An Algorithm for Computing a Hamiltonian Cycle

of Given Points in a Polygonal Region

Yiyang Jia and Bo Jiang*

School of Information Science and Technology, Dalian Maritime University, Dalian, China

ABSTRACT

In this paper, for a point set X in a simple polygon P, we present an algorithm to

compute a Hamiltonian cycle which avoids the boundary of P and accesses all points of

X. Computing a Hamiltonian cycle of given points in a simple polygon is a novel transformation of the general Hamiltonian problems and the problem of finding simple paths on given obstacles in a simple polygon. In our solution, we first construct the geodesic convex hull G of X inside P, and then find simple paths turn only at the points of X for two adjacent vertices in X along the boundary of G which are invisible to each other. After an original Hamiltonian cycle is found, we insert the remaining points to it. Finally, we present an O((n2+m)nlogm) time algorithm (n is the number of points in X

and m is the number of P’s vertices) to report a Hamiltonian cycle if it exists or report

that no such cycle exists.

INTRODUCTION Background

Computing a Hamiltonian cycle of given points in a simple polygon is an open problem posed by Cheng Q. et al., as a transformation of finding simple paths among obstacles in a simple polygon [1]. The problem can be described as follows: Suppose that there is a set X of n given points in a simple polygon P in the plane, the objective is to construct a Hamiltonian cycle HX (without self-intersections) which accesses all

points in X and avoids the boundary of P, so that each edge of HX does not intersect with

the boundary of P (except for the vertices of P). If such HX exists, output it, otherwise

report that no such cycle exists. When P is convex, HX certainly exists and can simply

be found in O(nlogn) time by using the method provided in [1].

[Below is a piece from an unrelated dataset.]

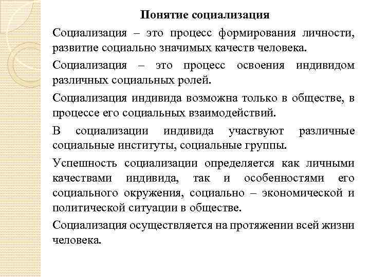 Понятие социализация Социализация – это процесс формирования личности, развитие социально значимых качеств человека. Социализация – это процесс освоения индивидом различных социальных ролей. Социализация индивида возможна только в обществе, в процессе его социальных взаимодействий. В социализации индивида участвуют различные социальные институты, социальные группы. Успешность социализации определяется как личными качествами индивида, так и особенностями его социального окружения, социально – экономической и политической ситуации в обществе. Социализация осуществляется на протяжении всей жизни человека.
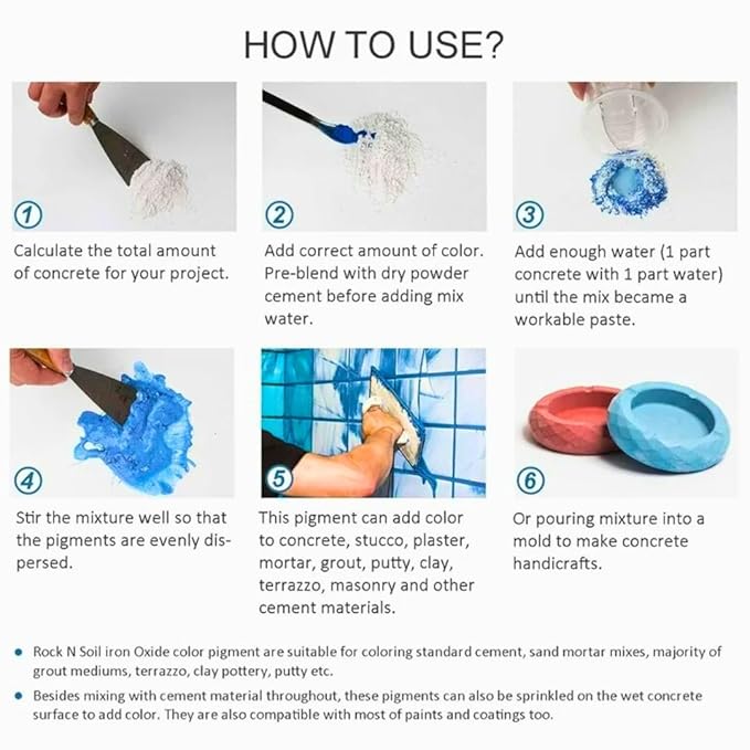 Mix small amounts of pigment in your resin, cement, or paint to achieve the perfect shade.

Over the past two hundred years, many researchers have studied the related problems of Hamiltonian cycle or path. Although the original Hamiltonian path problem is proven to be an NPC problem [2], the time complexity of finding Hamiltonian cycles can be reduced to polynomial time under certain conditions, such as finding Hamiltonian cycles in distance-hereditary graphs [3], or in co-comparability graphs [4], or in semi-complete multipartite digraphs [5], and so on.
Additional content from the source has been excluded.